Technology transfer gives company $2.7 million.

The Wellcome Trust has awarded £4.7 million, or $9.38 million, to EMBL’s European Bioinformatics Institute to support the transfer of Galapagos’ databases for predictive drug discovery. The data, which was offered previously through the firm’s BioFocus division, will become publicly available online to drug discovery researchers worldwide. Galapagos will receive £1.4 million, or $2.7 million, in cash.


The database will be incorporated into EMBL-EBI’s collection of open-access data resources for biomedical research and will be maintained by a newly established team of scientists at EMBL-EBI.

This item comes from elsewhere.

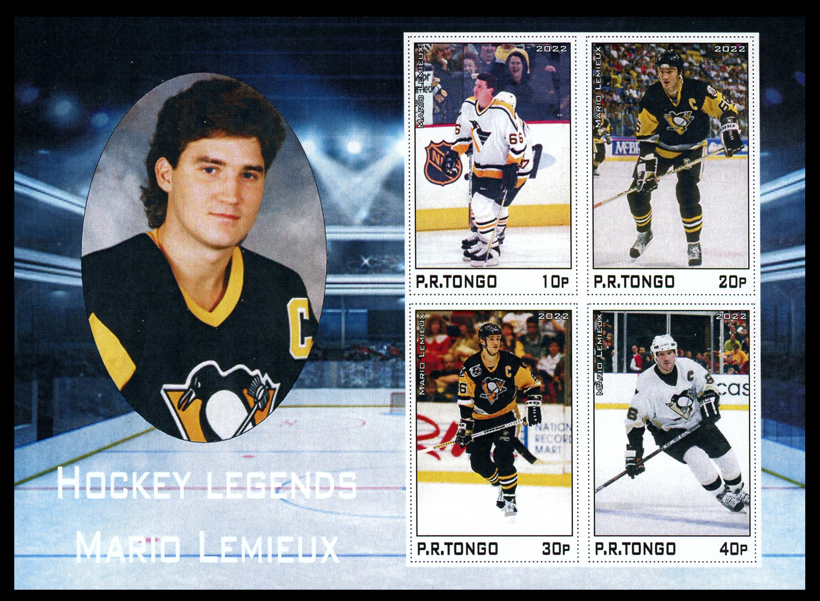 Click here for higher resolution image | First day of issue: Date unknown Width: 138 mm Height: 99 mm Perforation: Imperforate Location: Ice Hockey Volume LXXII Stamp ID = 7302 This collective sheet has 1 copy each of the following four items Cinderella, collective sheet shows Mario Lemieux Imaginary country. No information about this country available but one source on-line thought that labels coming from P.R.Tongo are produced by a company in the Netherlands. |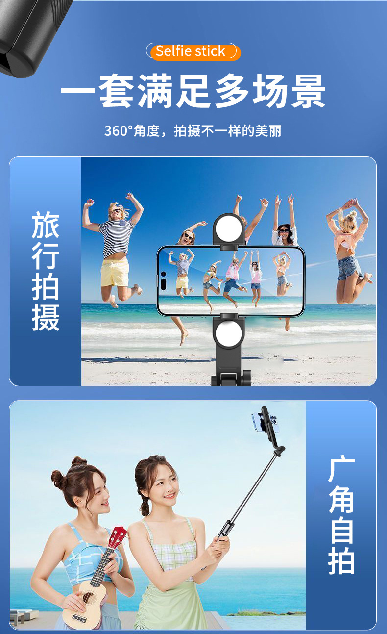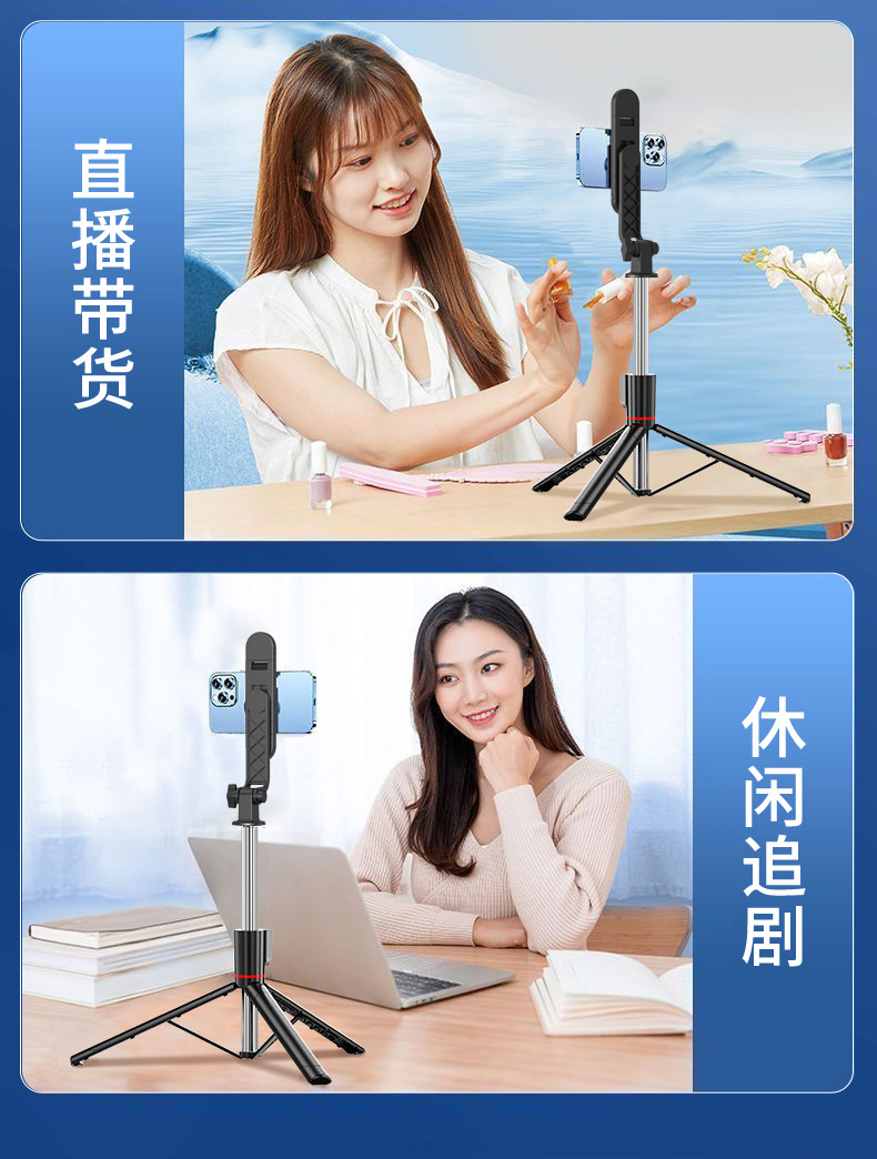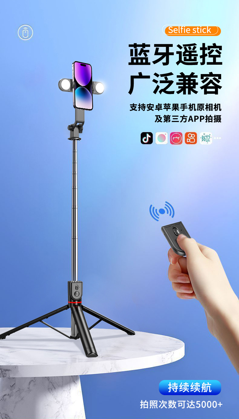 새로운 휴대 전화 블루투스 셀카 스틱 H58 휴대용 라이브 방송 삼각대 휴대 전화 홀더 채우기 빛이있는 셀카 유물

The transfer will allow academia and small companies on limited budgets to participate in the first stages of drug discovery for all therapeutic areas. In the future it could also result in improved prediction of drug side effects, according to EMBL-EBI.


For the past eight years, researchers at BioFocus have been integrating the existing collections of information in the areas of genomics and chemistry. The aim was to compile a set of well-structured chemogenomic databases that can be used to help determine whether a particular molecule has the right properties to make an effective drug.


This agreement involves a suite of databases that aids with the selection of biological targets for discovery of drug candidates based on the most appropriate drug-like chemistry starting points.  Major databases included under the agreement are: DrugStore™ (database of known drugs), StARLITe™ (database of known compounds and their effects), Strudle™ (binding site drugability), and Kinase SARfari™ and GPCR SARfari™ (informatics systems for the most widely used target classes in drug discovery).